Yeah, I believe AMD's paper has this nicely written:
"MITIGATION G-2
Description: Set an MSR in the processor so that LFENCE is a dispatch
serializing instruction and then use LFENCE in code streams to
serialize dispatch (LFENCE is faster than RDTSCP which is also dispatch
serializing). This mode of LFENCE may be enabled by setting MSR
C001_1029[1]=1.
Effect: Upon encountering an LFENCE when the MSR bit is set, dispatch
will stop until the LFENCE instruction becomes the oldest instruction in
the machine."
https://developer.amd.com/wp-content/resources/90343-B_SoftwareTechniquesforManagingSpeculation_WP_7-18Update_FNL.pdf
which is basically what you want for the whole mitigation crap if you
want to kill speculation - you simply hold dispatch until the LFENCE
retires.
> The property I want for RDTSC ordering is much weaker: I want it to be
> ordered like a load. Imagine that, instead of an on-chip TSC, the TSC
> is literally a location in main memory that gets incremented by an
> extra dedicated CPU every nanosecond or so. I want users of RDTSC to
> work as if they were reading such a location in memory using an
> ordinary load. I believe this gives the real desired property that it
> should be impossible to observe the TSC going backwards. This is a
> much weaker form of serialization.
Well, in that case you need something new.

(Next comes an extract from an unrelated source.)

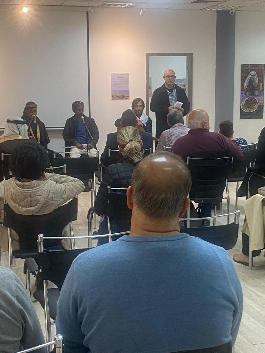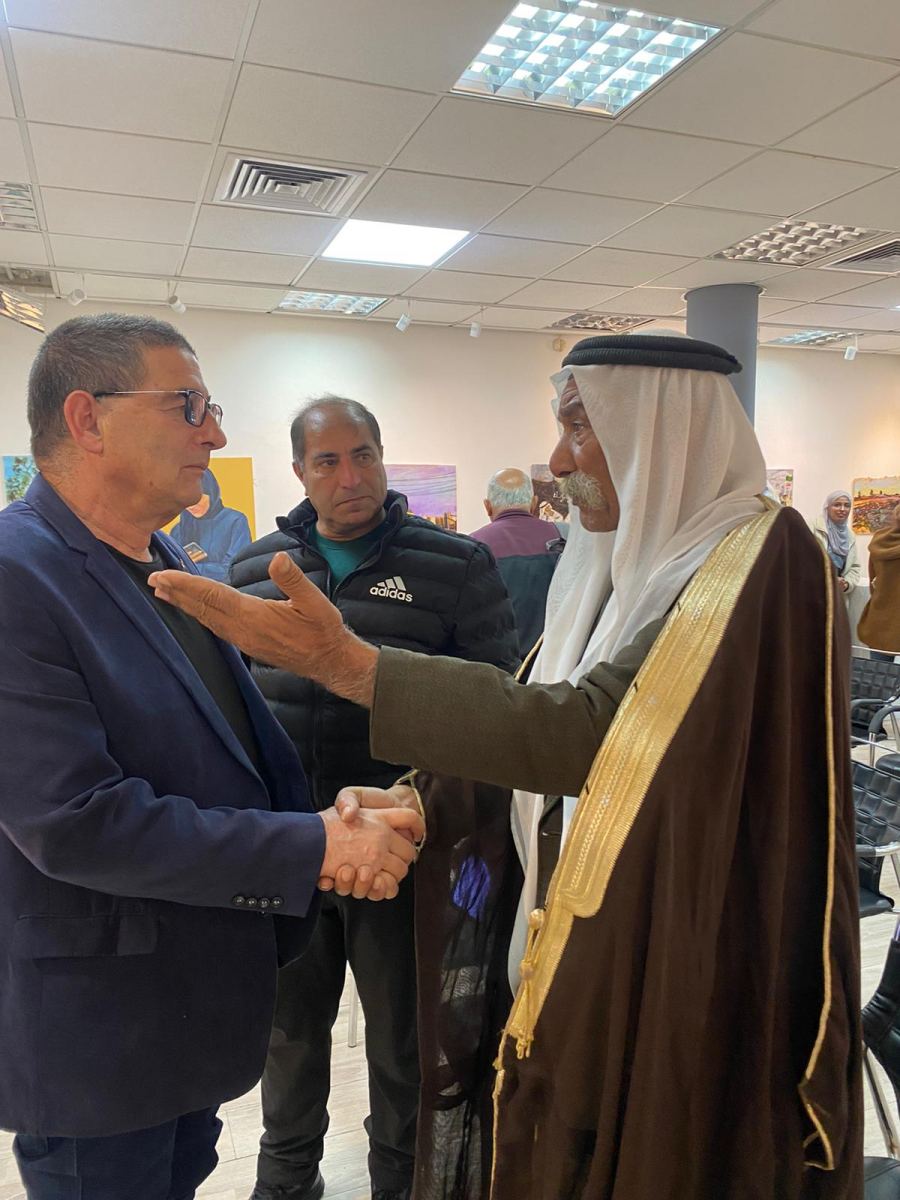على الانغام الموسيقية البدوية لفرقة شرقي افتتح معرض الفنون بالمركز الجماهيري وجاء تحت عنوان "القرى الغير معترف بها" وهو عبارة عن أعمال فنية رسومات وصور من أيدي المبدع الفنان ديفيد مندل

Because, the moment you have a RDTSC in flight and a second RDTSC comes
in and that second RDTSC must *not* bypass the first one and execute
earlier due to OoO, you need to impose some ordering. And that's pretty
much uarch-dependent, I'd say.
And I guess on AMD the way to do that is to stop dispatch until the
first RDTSC retires.
Can it be done faster? Sure. And I'm pretty sure there's a lot of pesky
little hw details we're not even hearing of, which get in the way.
--
Regards/Gruss,
Boris.
Good mailing practices for 400: avoid top-posting and trim the reply.